Masacrin
Dicembre: tempo di macellazione del maiale in Piemonte
di Mario Bocchio
Quasi tutti i contadini allevavano il maiale. Oggi il maiale sarebbe il miglior testimonial della sempre più invocata economia circolare, proprio perché mangiava di tutto. Non per caso, un tempo in Piemonte la macellazione del maiale era una missione fondamentale. Avevi bisogno di cibo per superare l’inverno senza alcuna refrigerazione oltre alle temperature di raffreddamento della stagione. Il masacrin (si chiamava così, aveva una borsa di cuoio con i coltelli, come quella del medico condotto) girava per le aie ad ammazzare i maiali. Lo faceva velocemente e umanamente perché l’adrenalina non irrigidisse i muscoli, poi ci si metteva subito al lavoro macellandolo in modo da poterne conservare buona parte come prosciutto, salame e altri prodotti che rientrano nella categoria dei salumi. Del maiale, è la verità, non si butta mai via niente. Era la vecchia tradizione. Il maiale sacrificato a dicembre produceva il premiato salame a grana grossa la maggior parte degli anni, e faceva anche un ottimo lardo. Andava in scena un vero e proprio rito, scandito da precisi momenti. Dopo la morte c’erano la raccolta del sangue dal corpo dell’animale, usato poi per farne i sanguinacci, poi la spellatura con coltello ed acqua bollente, che veniva versata addosso al maiale morto per ammorbidire le setole, che venivano asportate con grossi coltelli affilati.

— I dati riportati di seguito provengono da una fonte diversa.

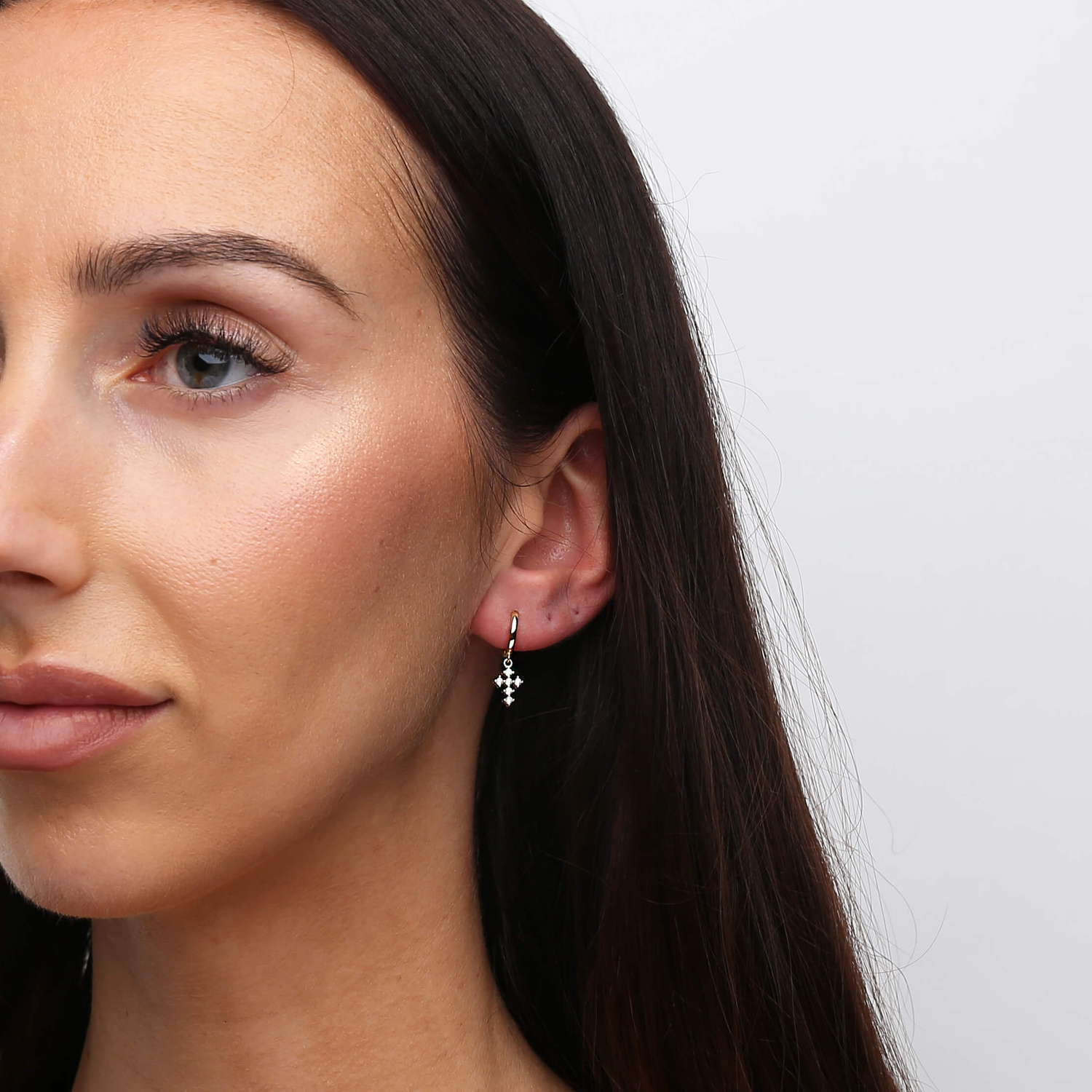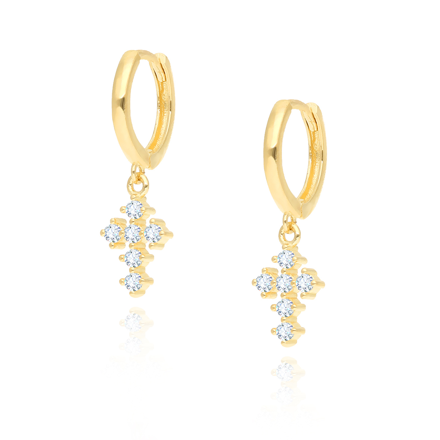 Goldanhänger-Ohrringe mit Zirkonen. Handgefertigt mit größter Sorgfalt aus hochwertigem 585er Gold (14 Karat Gold). Die Verzierung mit Zirkonen lässt die Ohrringe schön im Licht schimmern und zieht die Blicke auf sich. Kreisverschluss mit Druckknopf für hohen Tragekomfort. Ein wunderbarer Vorschlag als Geschenk für viele Gelegenheiten für einen besonderen Menschen.
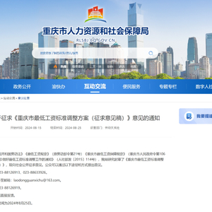 根据《中华人民共和国劳动法》《最低工资规定》(原劳动部令第21号)《重庆市最低工资保障规定》(重庆市人民政府令第106号)和《关于进一步做好最低工资标准调整工作的通知》(人社部发〔2015〕114号),我局研究起草了《重庆市最低工资标准调整方案(征求意见稿)》,现向社会公开征求意见。公众可以通过以下途径和方式提出意见。
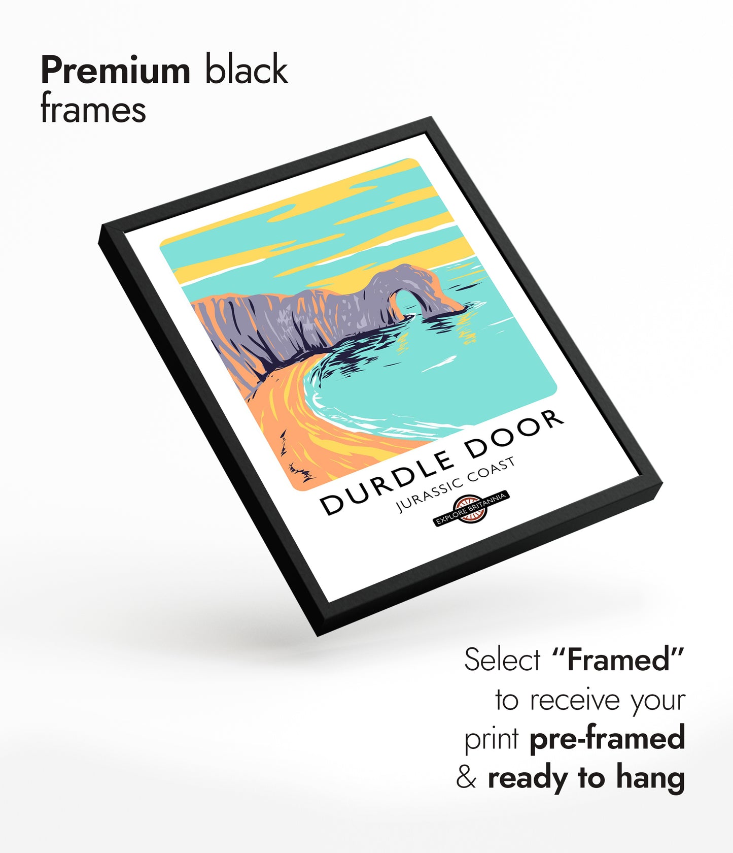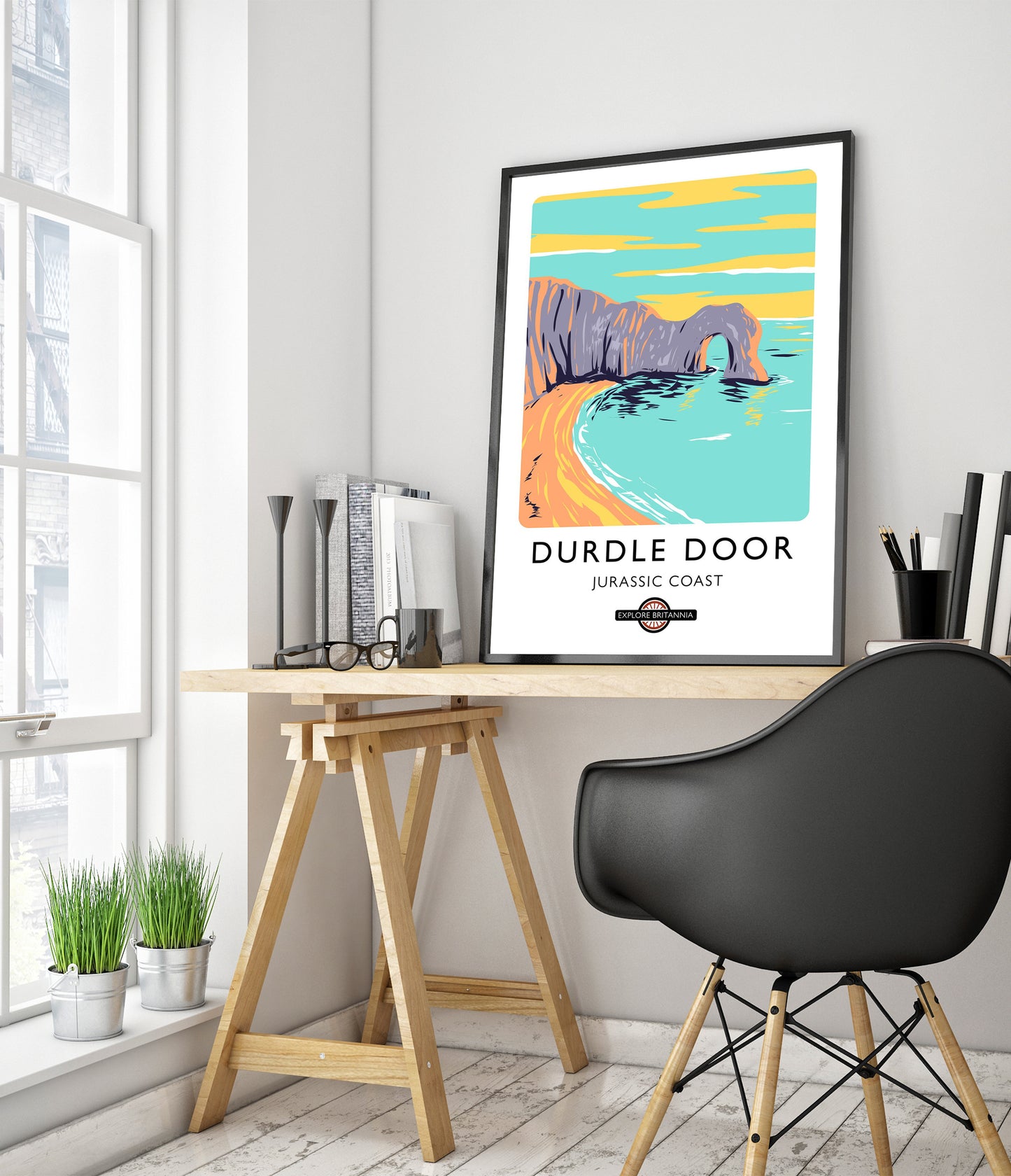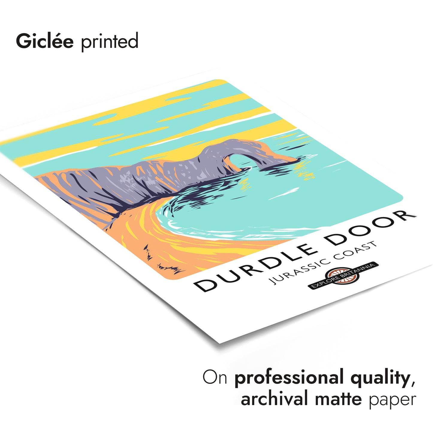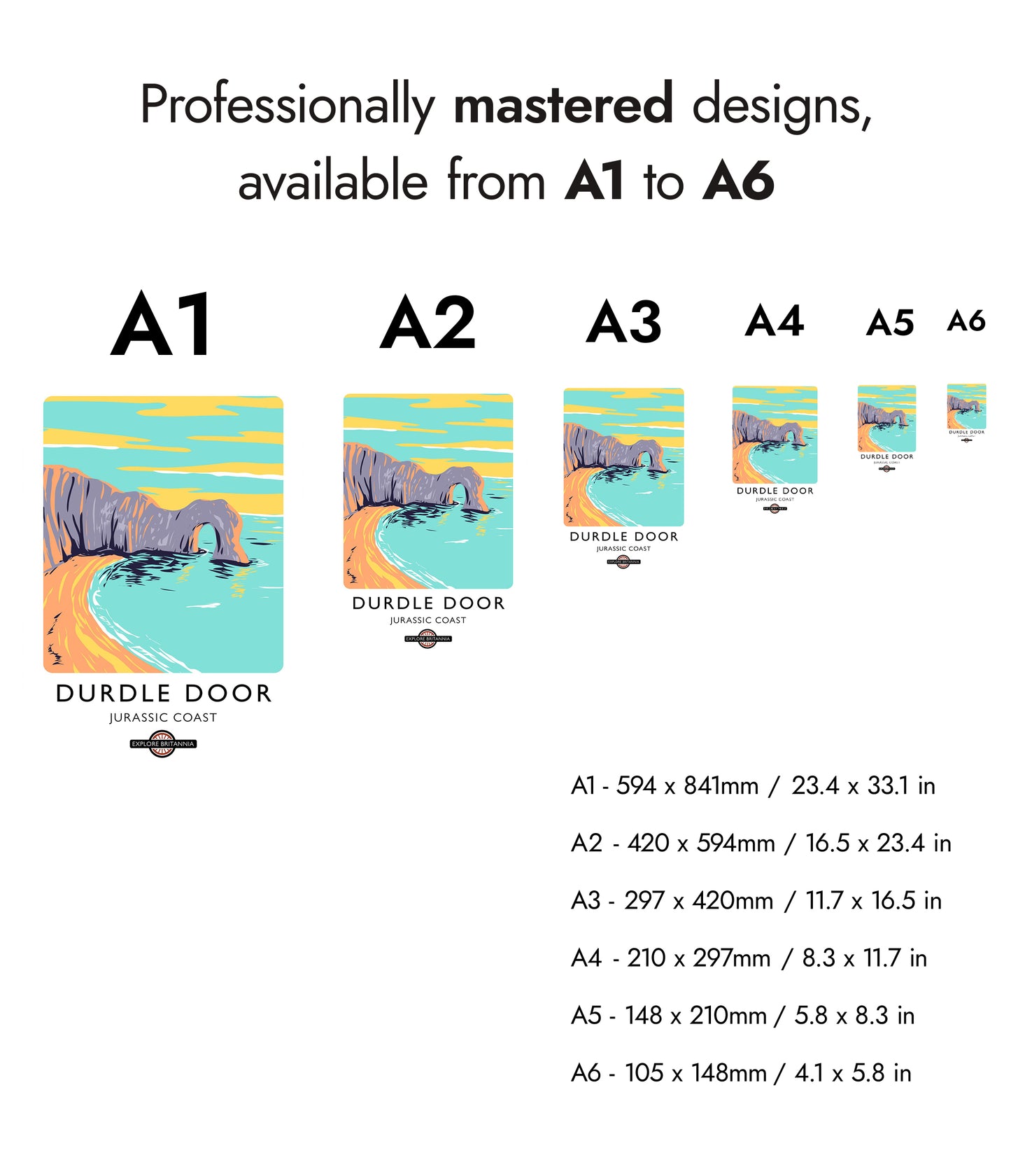 This vibrant poster of Durdle Door beautifully depicts the iconic limestone arch along England's Jurassic Coast. Featuring bold colors and crisp graphic lines, it captures the natural beauty of the beach, sea, and cliffs. Ideal for travel enthusiasts and lovers of British landscapes, this illustration is part of an exploration of England's Areas of Outstanding Natural Beauty.
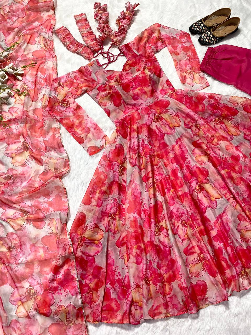 Fabric | Tabhi Organza Material With Fancy Less Work With Digital Print |
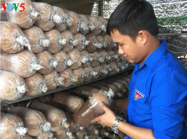 裴明胜的蘑菇生产模式不仅带来高经济效益,而且还为10名当地劳动者提供经常性工作,每名劳动者的月均收入为400至600万越盾。
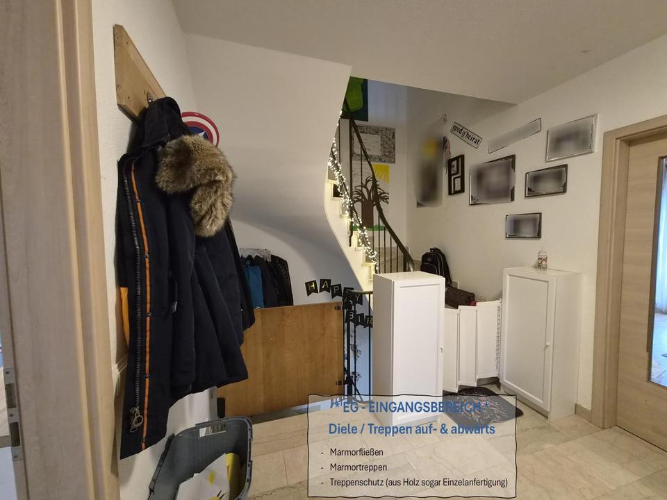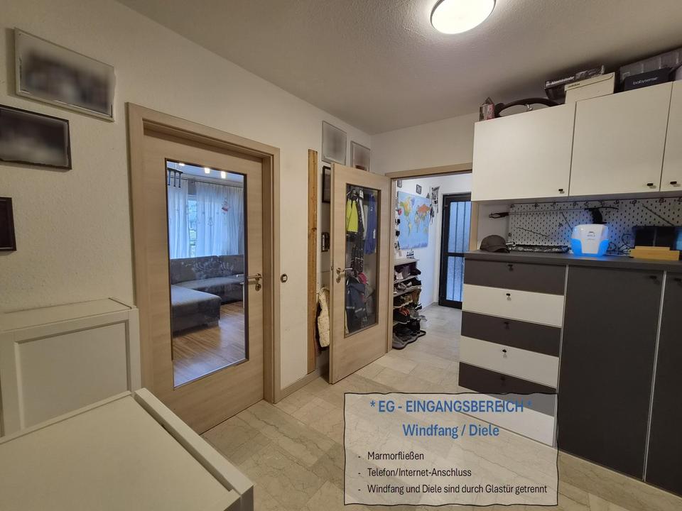 Zwischen Garage und Eingangstür befindet sich ein überdachter Vorgang, welcher als zusätzlicher Stau- und Vorratsplatz von uns genutzt wurde. (zum Beispiel für Getränke)
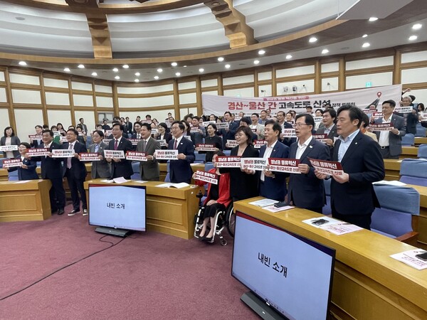 ‘영남권 물류 혁신을 위한 경산~울산 간 고속도로 신설’ 정책토론회가 조지연 국회의원(경북 경산시), 김기현, 박성민, 서범수 국회의원(울산) 공동 주최로 16일 국회의원회관에서 열렸다.
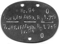 Identifikační štítek příslušníka Wehrmachtu s krevní skupinou 0. Tetování nebylo nutné.
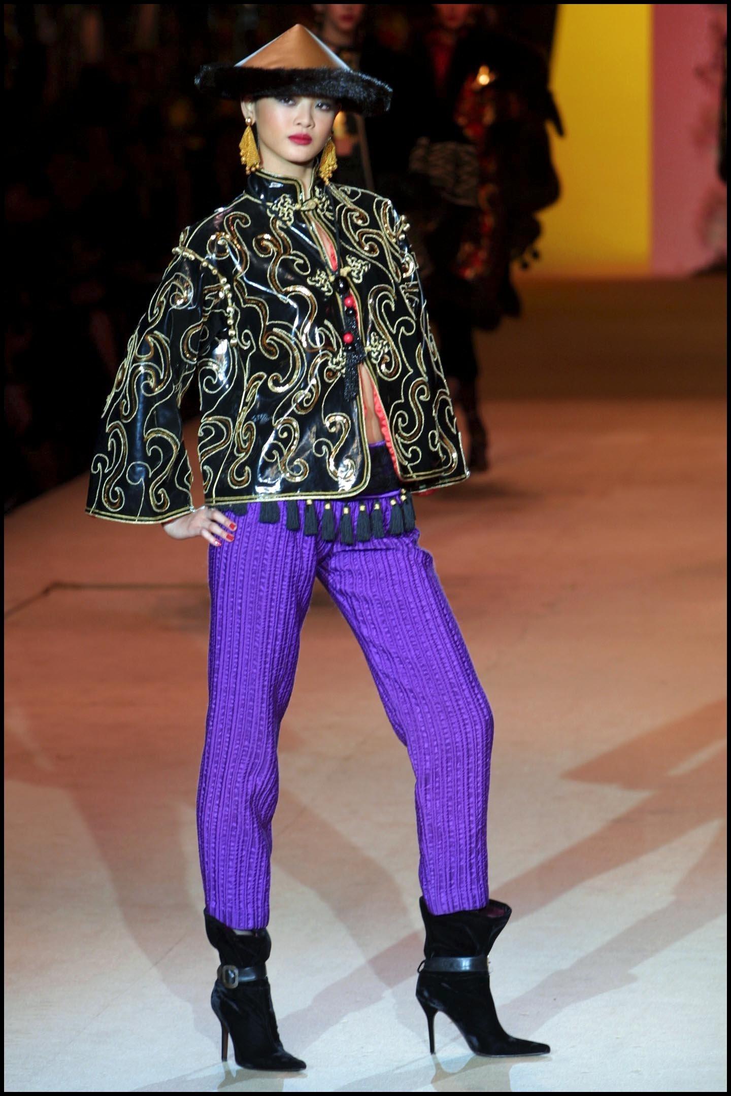 Справедливым будет признать, что именитые дизайнеры не раз использовали этот прием в своих коллекциях. Причем некоторые сделали это задолго до появления интернета. Например, Ив Сен-Лоран показал застежку-лягушку еще в 1977 году, на показе «Chinoises», вдохновленном Китаем. В 2001-м она отметилась на кутюрном шоу Jean-Paul Gaultier, отсылающем к той же стране. А из современных работ, вы наверняка могли видеть такие пуговицы в работах Джорджо Армани, который обращался к азиатской культуре на протяжении всего своего творческого пути.
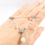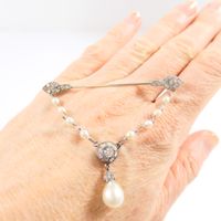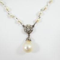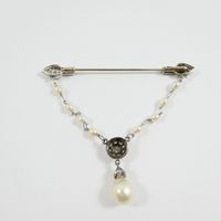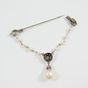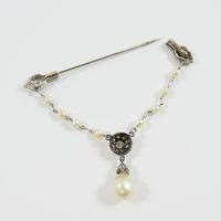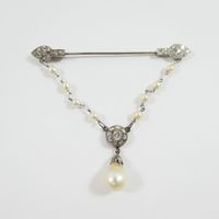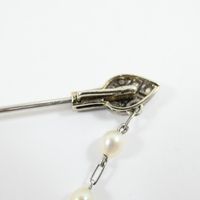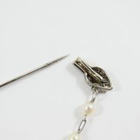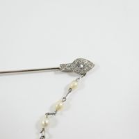 Broche barrette : en platine 850 mil. et or gris 750 mil., agrémentée d'une chaînette (perles de culture, diamant taille brillant, diamants taille 8/8 et taille ancienne) (transformations, soudures, trace de colle). 6,2 g. brut.
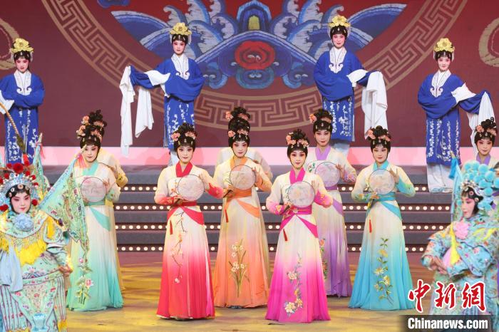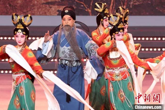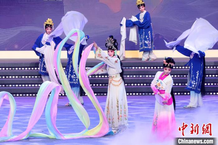 9月10日晚,2024江蘇中秋戲曲晚會(huì)在江蘇廣電荔枝大劇院上演,晚會(huì)緊扣“中秋”和“戲曲”兩大元素,將傳統(tǒng)節(jié)日內(nèi)涵與戲曲藝術(shù)融為一體,戲曲界各劇種名家陳少云、趙志剛、竺小招、周東亮、李奕潔、陳澄、李曉旭、施夏明等“梅花獎(jiǎng)”“紫金文化獎(jiǎng)?wù)隆薄拔娜A表演獎(jiǎng)”獲得者輪番登臺(tái),與近年來(lái)涌現(xiàn)出的優(yōu)秀青年演員同臺(tái)演出,凸顯戲曲文化的傳承與創(chuàng)新,為觀眾帶來(lái)一個(gè)流光溢彩的戲曲之夜。圖為戲曲演員們?cè)谖枧_(tái)上表演節(jié)目。中新社記者 泱波 攝
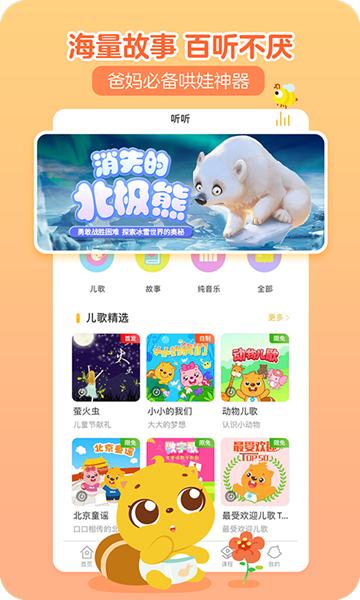 汇聚各类精品原创儿童故事,包括安全常识故事、睡前哄眠儿歌、伊索预设等,陪伴孩子健康成长。
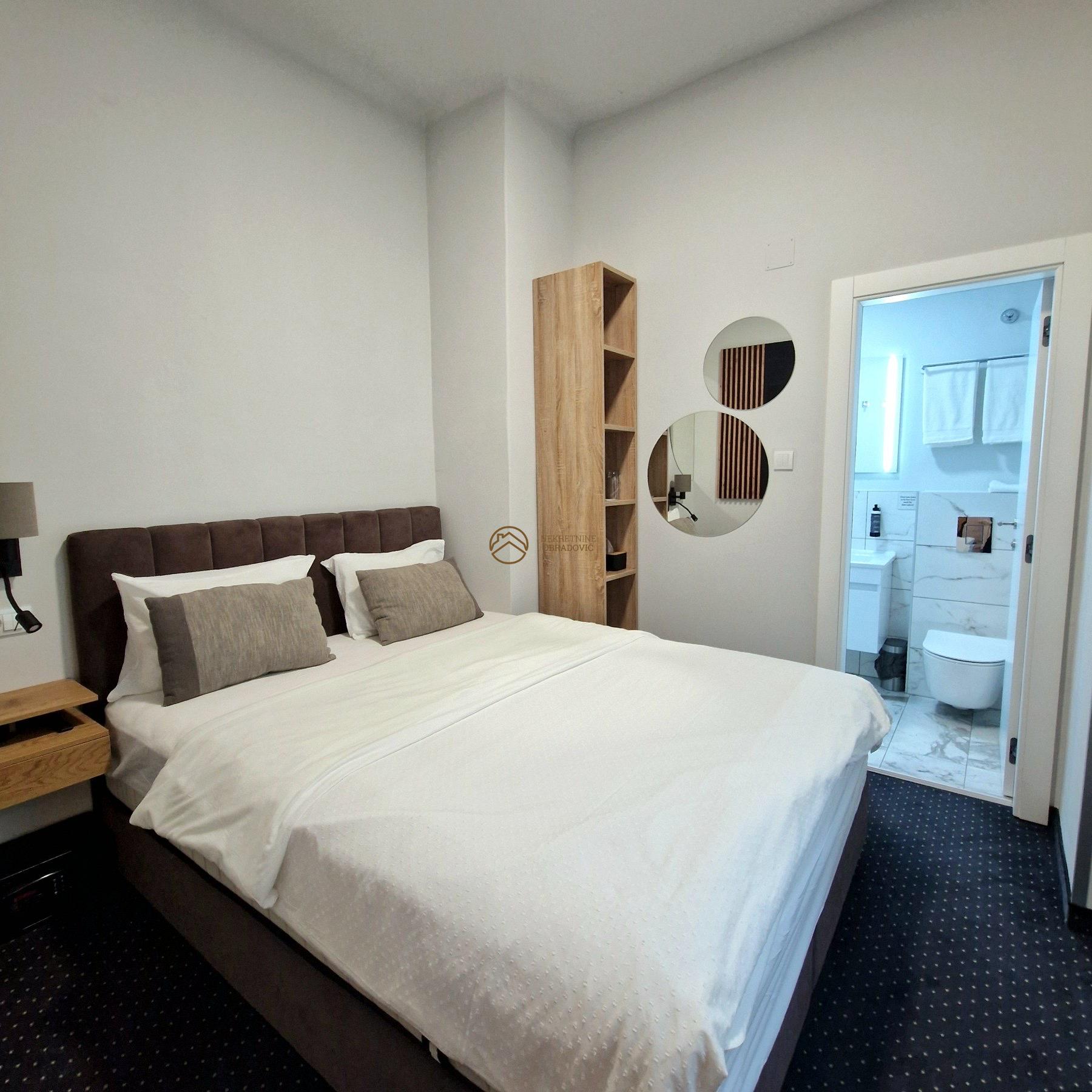 Objekat sadrzi devet klimatizovanih apartmana sa sopstvenim kupatilima(16-28m2),

Ci volevano circa due ore e mezza per scomporre completamente il maiale in pezzi che sarebbero rimasti fuori durante la notte (affinchè il gelo frollasse la carne), inclusa la lavorazione degli intestini in budelli di salsiccia grossolanamente puliti. Il giorno dopo, di buon mattino, il maiale veniva ulteriormente scomposto, una parte della carne veniva macinata e la salsiccia insaccata nelle budella. Mani sapienti impastavano la carne condita con le migliori spezie (pepe e noci moscate), aglio (pestato nel mortaio) e innaffiata con il vino più pregiato della cantina. Non si speculava sulla qualità dei prodotti, perché era la concia a garantire la conservazione naturale dei salumi nell’apposita stanza della cascina. Profumi antichi che solo chi ha avuto la fortuna di assaporarli non dimenticherà mai per tutta la vita. Profumi che sono rimasti la cultura di una civiltà che, ahinoi, non esiste più.
Ci voleva l’intera mattinata. I cacciatorini, il salame più giovane, venivano mangiati per primi in occasione delle merende pasquali.
A mezzogiorno ci si sedeva ad un banchetto di maiale mentre le carni conservate pendevano già profumatamente. Sul fuoco la polenta era d’obbligo e insieme alla cosiddetta frittura, misto di tutte le frattaglie. Un piatto povero, ma frutto di una ricca e saggia cultura. Dal grasso del maiale si ottenevano i ciccioli e lo strutto, uno dei migliori ingredienti del pane contadino.
Quando si ammazzava il maiale si faceva una grande festa, si chiamavano i parenti, i vicini di casa e gli amici, guai se qualcuno non lo invitavi, si offendeva. Si faceva festa, si giocava e si cantava. Prima del grande avvenimento, il maiale lo si lasciava digiunare almeno un giorno. Dopo la macellazione nel paese ci si interrogava sul peso, nella convinzione che più era grosso più ci si poteva vantare. Era proprio una competizione tra contadini.
Nella tradizione rurale le donne mestruate non potevano assistere all’uccisione e tantomeno alla lavorazione della carne perché avrebbe potuto andare a male.
L’uccisione avveniva necessariamente a luna mancante, con la neve nell’aia, perché, sempre secondo la tradizione popolare, la carne sarebbe stata migliore.
Sant’Antonio Abate, il protettore degli animali, è raffigurato sempre accanto ad un maialino. Secondo quanto tramandato, il Santo usava la sugna come un antidoto contro l’herpes zoster, noto come il fuoco di Sant’Antonio, per evitare il diffondersi della malattia, e contro slogature, abrasioni e dolori muscolari.
Tutto ciò pare un ricordo antico, ma in fondo chi oggi ha cinquant’anni lo conserva nella propria memoria e quel profumo non riesce proprio ad eliminarlo.